Espérame en la parada de los cachitos con olor a cerveza espérame en la estación de los tostones en la esquina de los churros en la calle del hambre en la avenida de los refrescos espérame o mejor no me esperes yo llegaré comiendo.
Quisiera ser el mango que cae sobre tu vehículo para así poder mirarte en mi última caída.
Merengada de ojos te diluyes entre mis venas como alimento para ciegos y me miras desde tu licuadora esperando el rescate.
¿Cómo haces para oler a turrón y saber a vainilla mi adorable fresa con crema?
eres dulce canela que clienta mis sentidos.
¿Cómo no amarte? si cada vez que respiro te encuentro.
Dios bendiga el pan que comes el jugo que bebes la ensalada de tu cena y la fruta de tu dieta.

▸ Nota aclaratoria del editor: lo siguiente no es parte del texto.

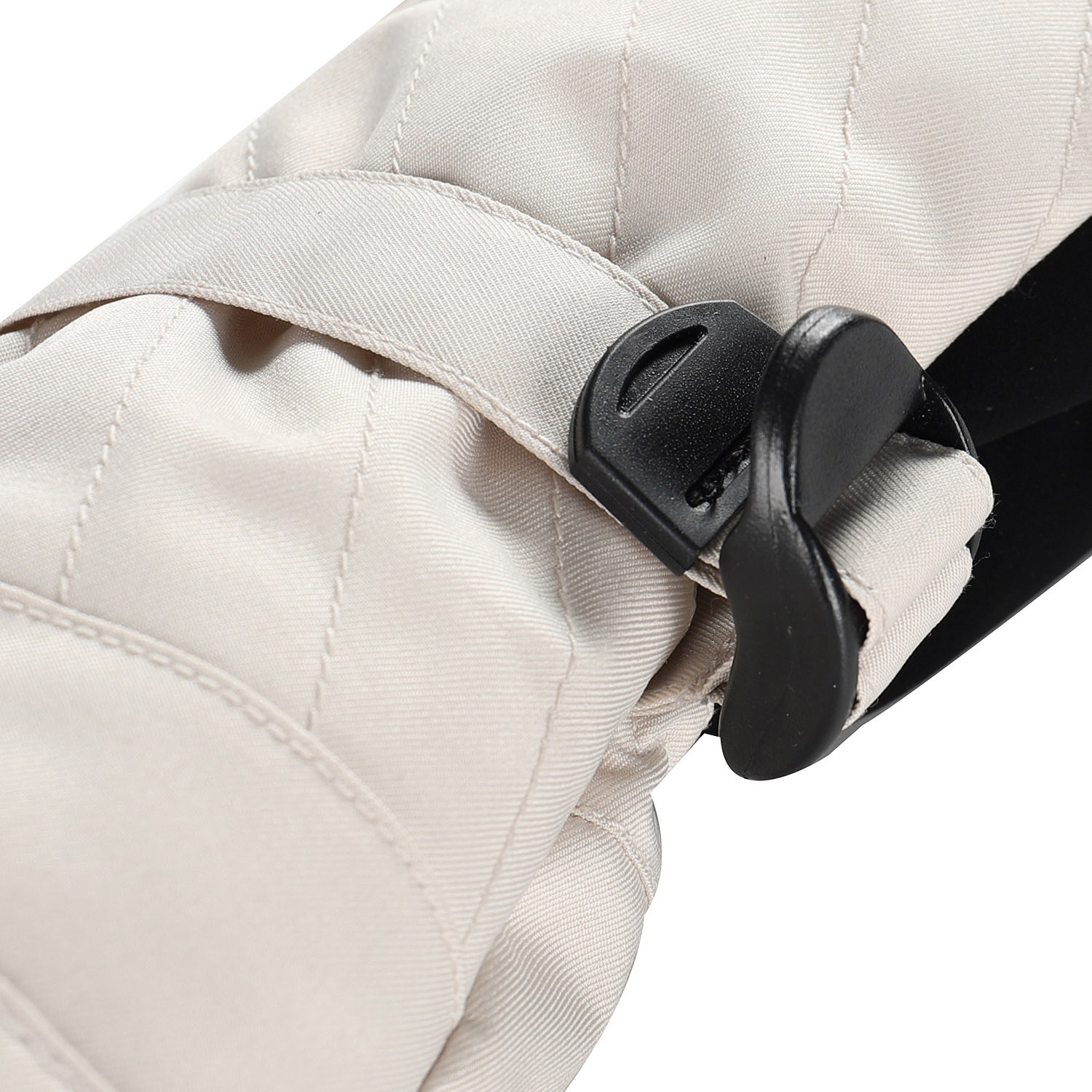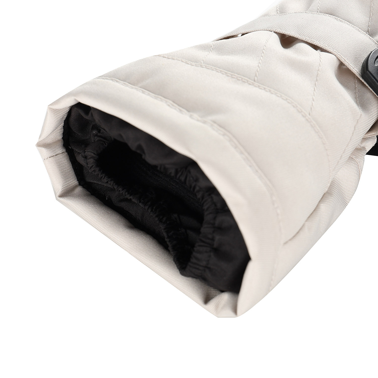 Rukavice mají pružnou manžetu a popruhové stahování v oblasti zápěstí, což umožňuje přesné přizpůsobení a zabraňuje pronikání studeného vzduchu. Oblast dlaně a prstů je zesílená speciálním materiálem, který zvyšuje odolnost rukavic a zajišťuje lepší uchopení lyžařských hůlek nebo snowboardu. Reflexní potisky na rukavicích zvyšují viditelnost a bezpečnost při snížené viditelnosti.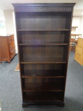 A set of open bookshelves in an oak finish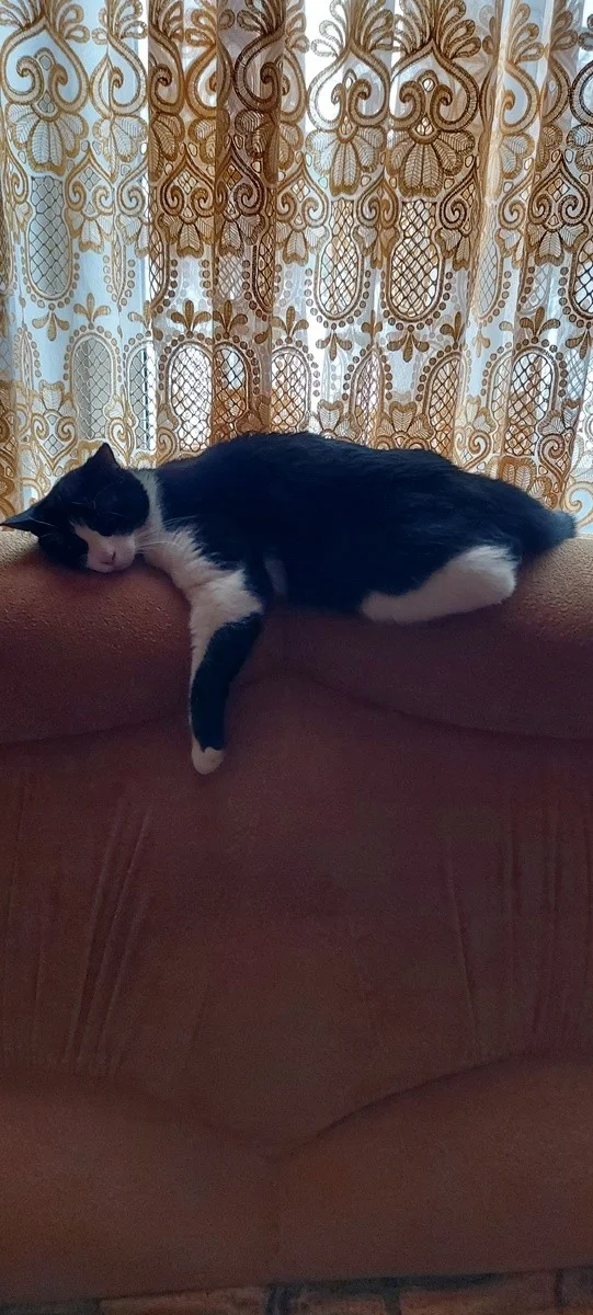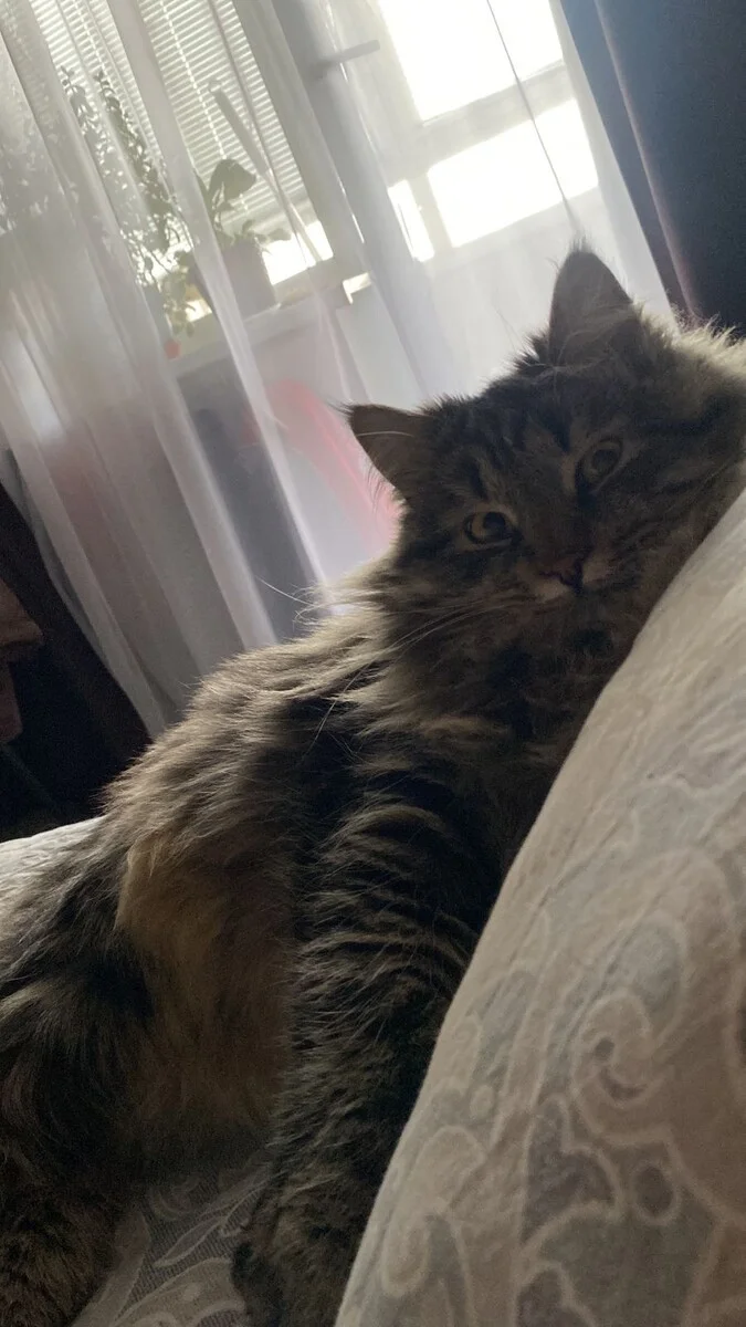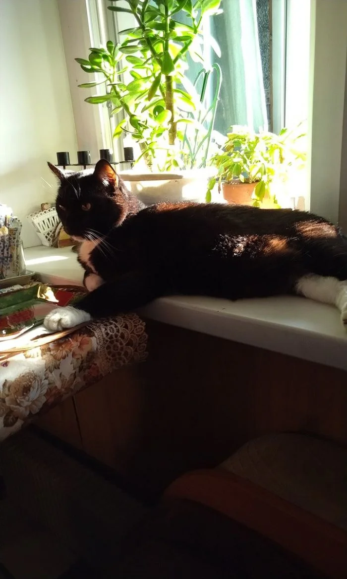 Antonina: Котик прибился к дому, брошенный. На улице ему было очень холодно, ютился то на перилах, то на скамейке. Забрали домой.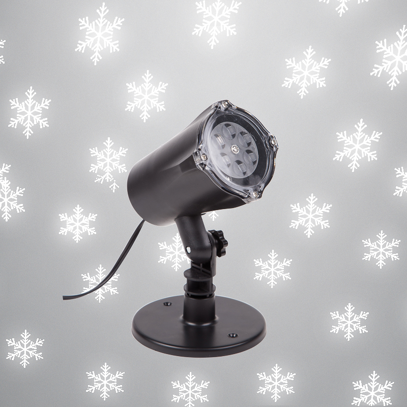 LED-проектор проецирует изображения снежинок на поверхности с расстояния до 15 метров и работает от сети 230 Вольт. Устройство поможет создать праздничную атмосферу и почувствовать приближение новогодних праздников где угодно: на корпоративе, частной вечеринке, семейном ужине. Белые светодиоды экономичны, безопасны и долговечны, а корпус имеет защиту IP44, поэтому проектор рассчитан на длительную работу как дома, так и на улице. Понижающий трансформатор на 14 В делает устройство бесшумным, что дает возможность использовать его в качестве ночника.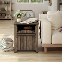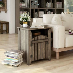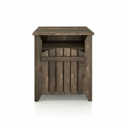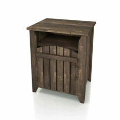 Utterly charming and wonderfully unique, this little end table set is sure to catch the eye while offering a space to tuck away necessities. The design is inspired by a front gate, lending a touch of farmhouse flair perfect for enriching decor. Behind the door are two shelves for organization and just a hint of display in the window cutout below the top.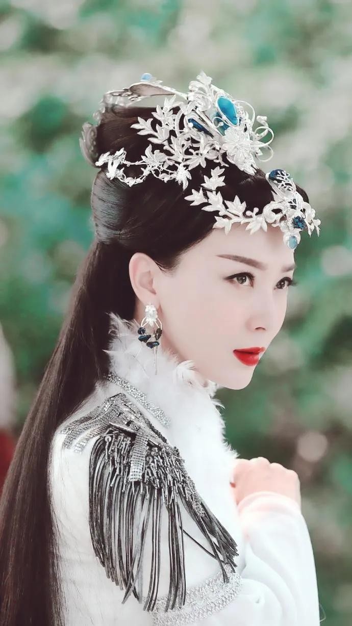 陈数在剧中饰演“圣后”,也是韩式大平眉加烈焰红唇造型。

Divina figura comida perfecta.
Si pilón viviera cerca de la Plaza Venezuela diría: “con gusto te pago el martes por un pepito del día de hoy”
Alemana o inglesa me gustan por igual siempre en mi perro caliente.
Transito por las cuatro estaciones del silencio en busca de la anchoa perdida.
Somos como flores en ensalada de frutas.
Consulto la jurisprudencia de mi destino y veo ángeles urbanos devorando cotufas de fe consulto al arcano de mi reloj y veo ángeles de chocolate digiriendo nostalgias.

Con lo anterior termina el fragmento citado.